> Task brief:
From the line with "Salario jugadores: X" to the line with "お正月の雰囲気を味わおうとい", retype each line exactly as it stands in the records below, but skip the pictures.

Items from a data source
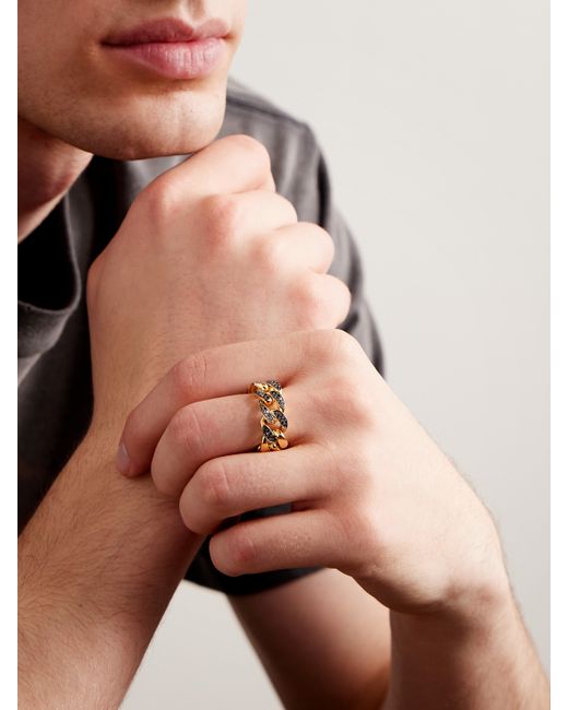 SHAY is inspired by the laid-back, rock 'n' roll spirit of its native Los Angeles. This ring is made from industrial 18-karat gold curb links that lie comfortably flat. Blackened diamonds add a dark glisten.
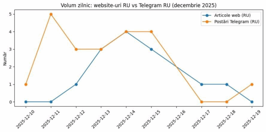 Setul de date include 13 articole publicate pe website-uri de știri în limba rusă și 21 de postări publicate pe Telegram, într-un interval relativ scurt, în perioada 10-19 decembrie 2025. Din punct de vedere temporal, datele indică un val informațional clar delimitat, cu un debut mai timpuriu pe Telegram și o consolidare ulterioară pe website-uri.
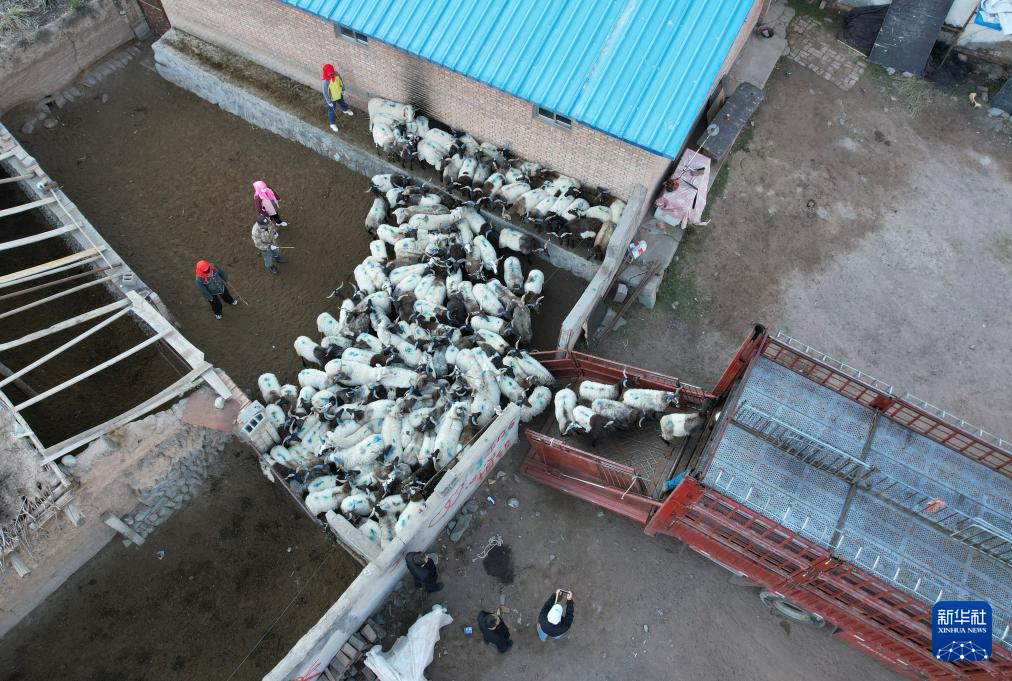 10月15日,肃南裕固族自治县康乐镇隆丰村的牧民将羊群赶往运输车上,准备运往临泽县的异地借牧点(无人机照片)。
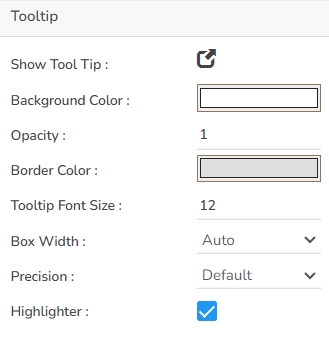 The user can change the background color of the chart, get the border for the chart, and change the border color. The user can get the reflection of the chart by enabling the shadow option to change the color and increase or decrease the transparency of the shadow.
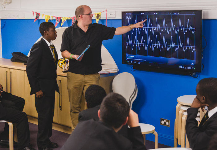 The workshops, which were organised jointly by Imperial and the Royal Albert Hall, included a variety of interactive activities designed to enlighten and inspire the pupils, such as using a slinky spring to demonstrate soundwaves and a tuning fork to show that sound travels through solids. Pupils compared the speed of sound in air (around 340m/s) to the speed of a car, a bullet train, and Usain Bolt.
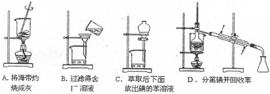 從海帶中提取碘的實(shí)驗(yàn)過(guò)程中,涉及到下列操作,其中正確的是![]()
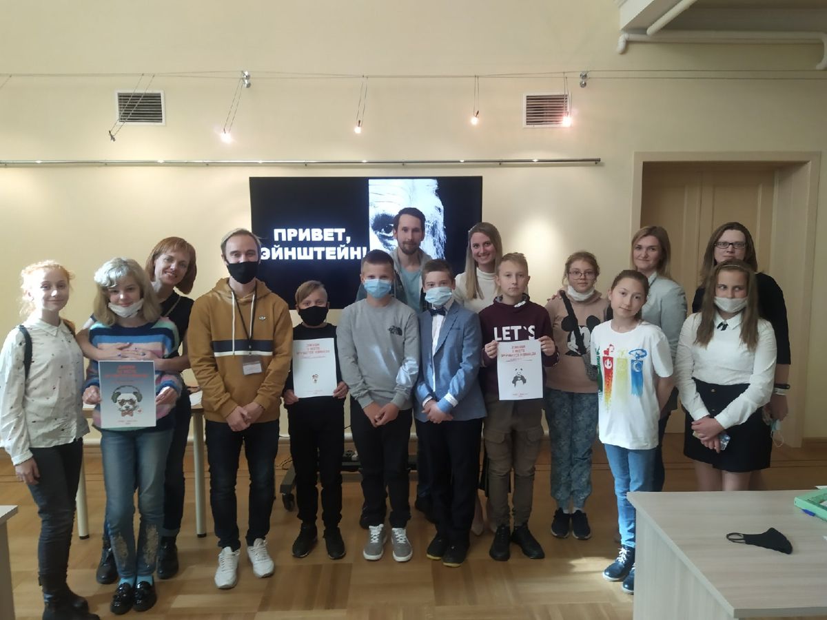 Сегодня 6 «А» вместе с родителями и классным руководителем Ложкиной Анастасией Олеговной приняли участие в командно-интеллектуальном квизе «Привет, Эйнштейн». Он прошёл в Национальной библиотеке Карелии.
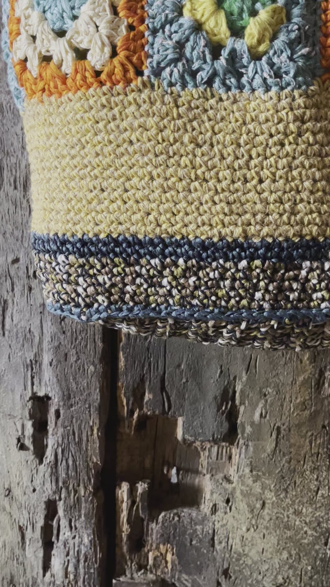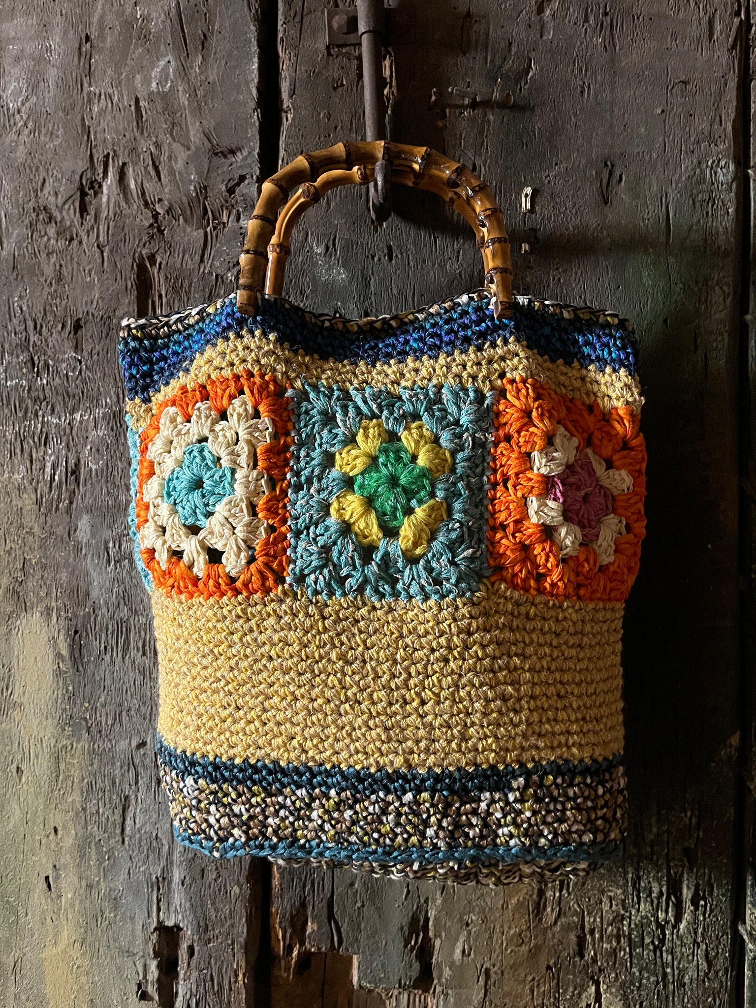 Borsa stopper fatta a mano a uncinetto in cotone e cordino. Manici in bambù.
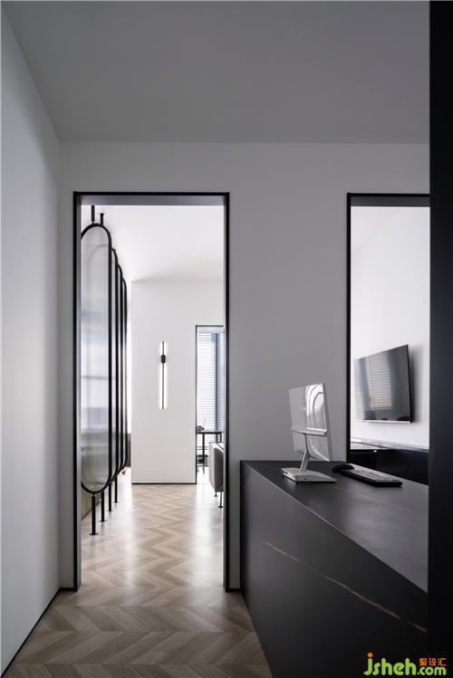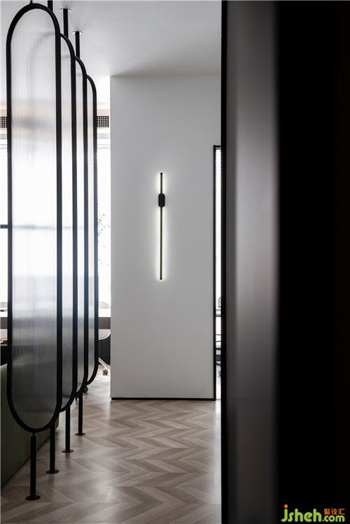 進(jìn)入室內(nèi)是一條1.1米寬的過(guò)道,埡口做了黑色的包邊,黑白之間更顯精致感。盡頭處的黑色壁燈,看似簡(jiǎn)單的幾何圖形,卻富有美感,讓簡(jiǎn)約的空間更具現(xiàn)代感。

* * *

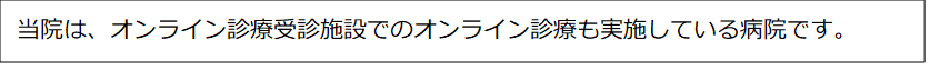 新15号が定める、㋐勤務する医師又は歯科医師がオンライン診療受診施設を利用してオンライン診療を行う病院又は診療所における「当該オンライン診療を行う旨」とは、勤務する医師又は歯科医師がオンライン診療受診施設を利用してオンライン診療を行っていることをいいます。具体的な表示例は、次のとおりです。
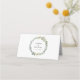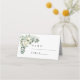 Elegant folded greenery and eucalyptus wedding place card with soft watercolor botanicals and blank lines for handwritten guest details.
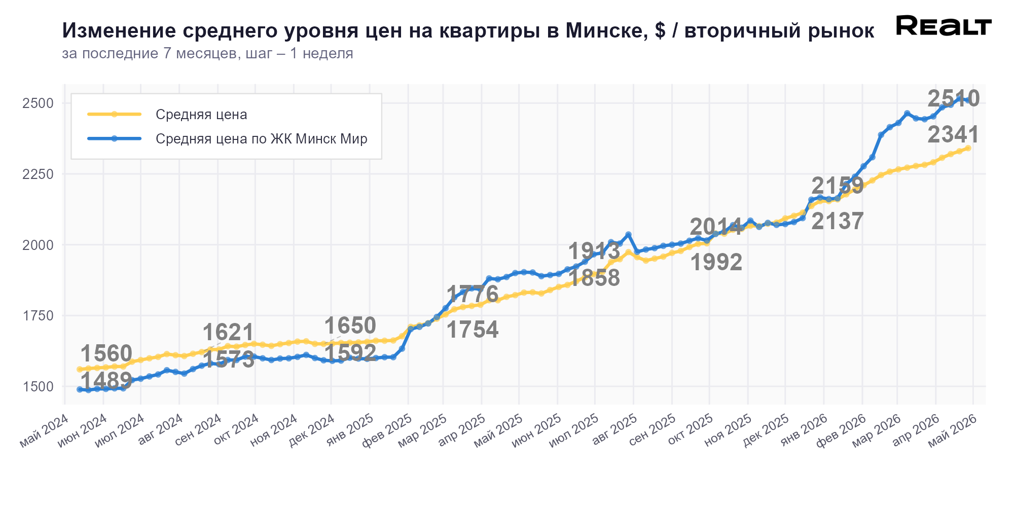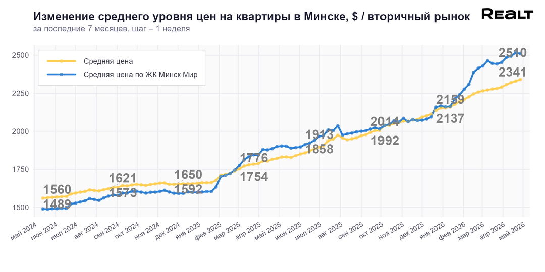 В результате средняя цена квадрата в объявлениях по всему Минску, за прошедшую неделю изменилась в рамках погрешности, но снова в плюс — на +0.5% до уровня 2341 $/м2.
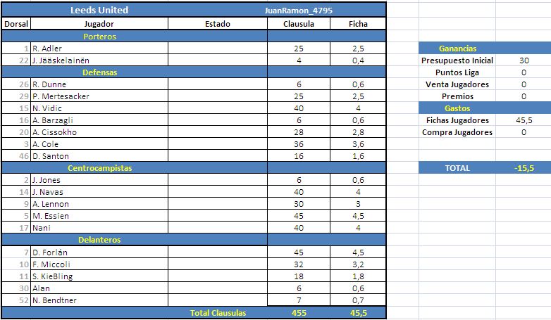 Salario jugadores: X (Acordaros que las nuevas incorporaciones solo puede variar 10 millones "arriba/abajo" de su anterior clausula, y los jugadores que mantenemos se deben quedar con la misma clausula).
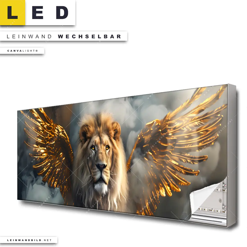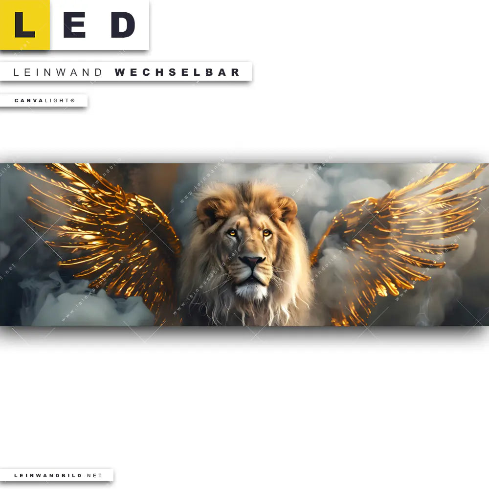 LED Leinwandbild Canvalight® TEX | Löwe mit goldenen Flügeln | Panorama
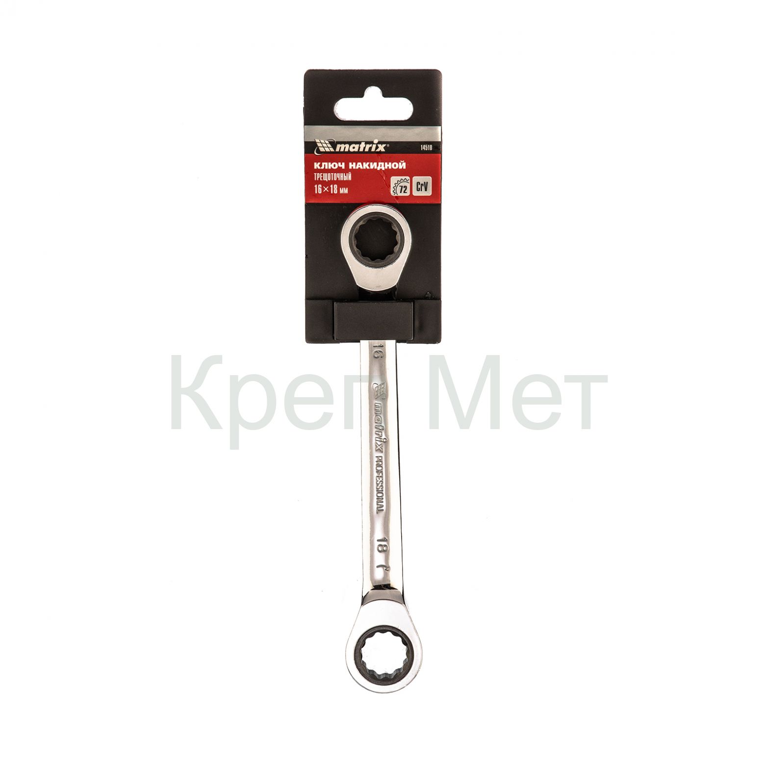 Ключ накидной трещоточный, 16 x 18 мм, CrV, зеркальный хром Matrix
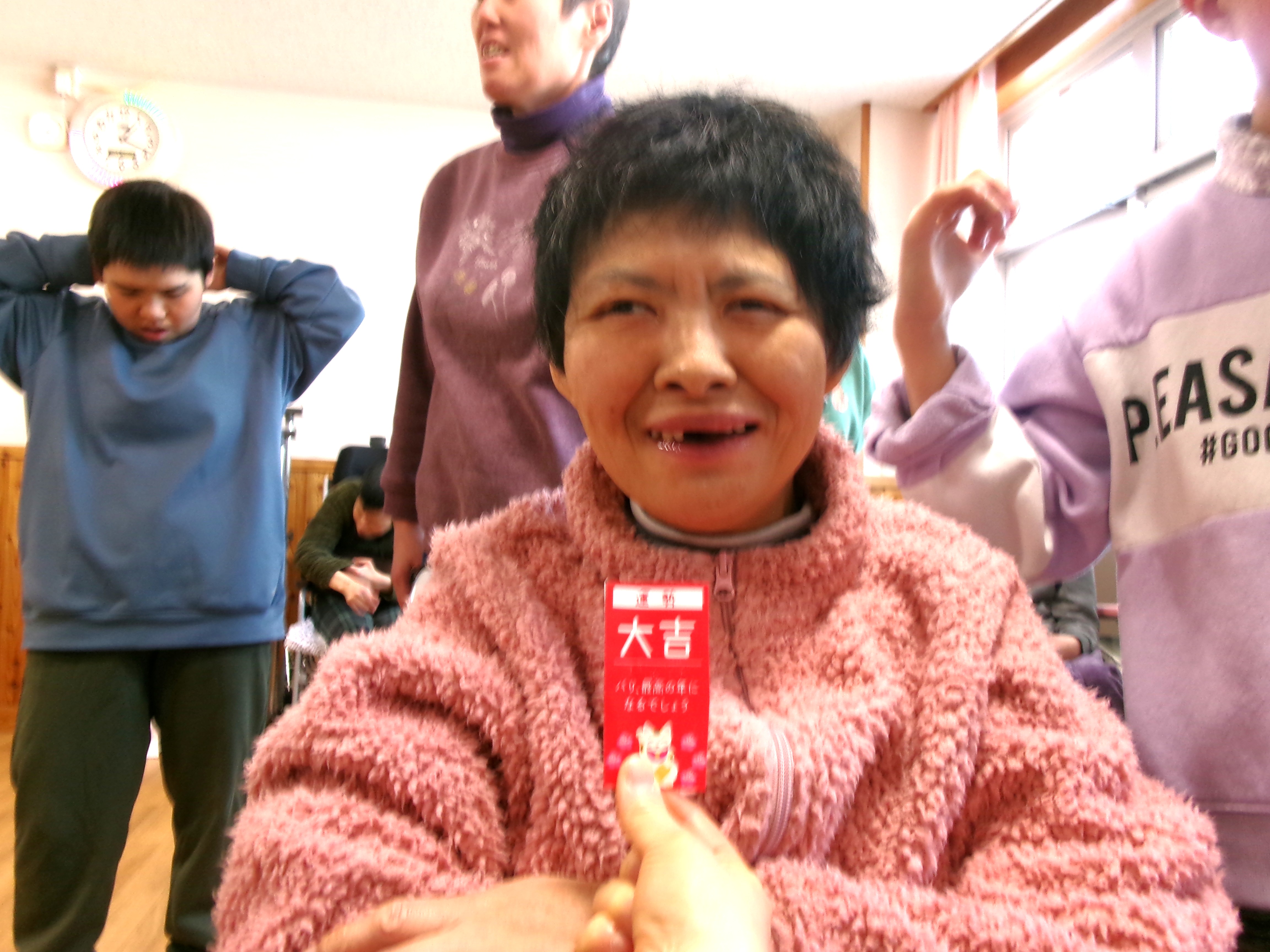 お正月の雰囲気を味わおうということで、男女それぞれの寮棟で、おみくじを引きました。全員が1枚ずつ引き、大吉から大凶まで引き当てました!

...

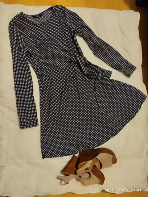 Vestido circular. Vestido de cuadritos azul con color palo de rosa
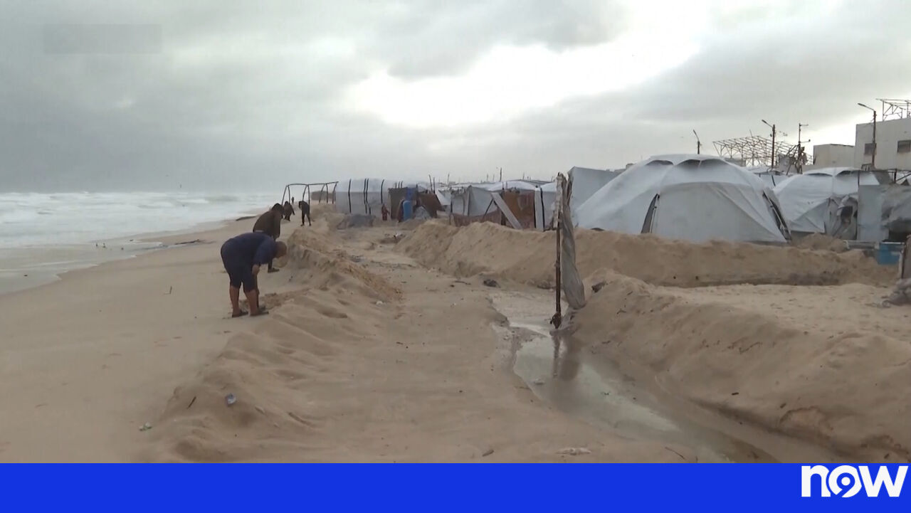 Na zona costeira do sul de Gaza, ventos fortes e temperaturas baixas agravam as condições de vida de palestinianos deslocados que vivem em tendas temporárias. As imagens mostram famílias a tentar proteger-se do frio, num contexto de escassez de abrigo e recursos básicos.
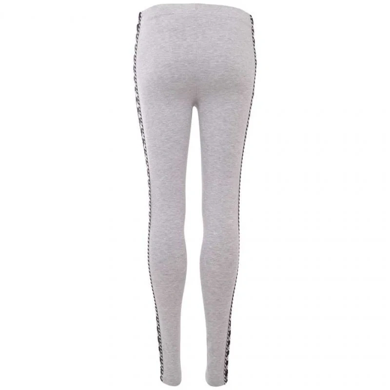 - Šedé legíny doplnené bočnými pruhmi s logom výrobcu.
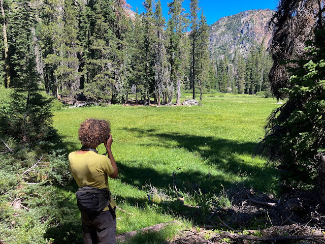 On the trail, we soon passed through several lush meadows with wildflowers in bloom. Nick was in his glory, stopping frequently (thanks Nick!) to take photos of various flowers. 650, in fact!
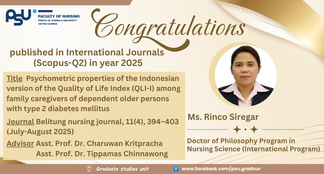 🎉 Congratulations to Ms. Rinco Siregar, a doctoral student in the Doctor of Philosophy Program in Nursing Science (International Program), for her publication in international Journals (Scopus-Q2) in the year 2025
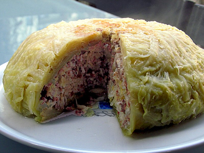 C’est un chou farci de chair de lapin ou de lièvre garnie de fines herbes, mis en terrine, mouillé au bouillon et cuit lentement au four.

> Response to the exercise:
 Salario jugadores: X (Acordaros que las nuevas incorporaciones solo puede variar 10 millones "arriba/abajo" de su anterior clausula, y los jugadores que mantenemos se deben quedar con la misma clausula).
 LED Leinwandbild Canvalight® TEX | Löwe mit goldenen Flügeln | Panorama
 Ключ накидной трещоточный, 16 x 18 мм, CrV, зеркальный хром Matrix
 お正月の雰囲気を味わおうということで、男女それぞれの寮棟で、おみくじを引きました。全員が1枚ずつ引き、大吉から大凶まで引き当てました!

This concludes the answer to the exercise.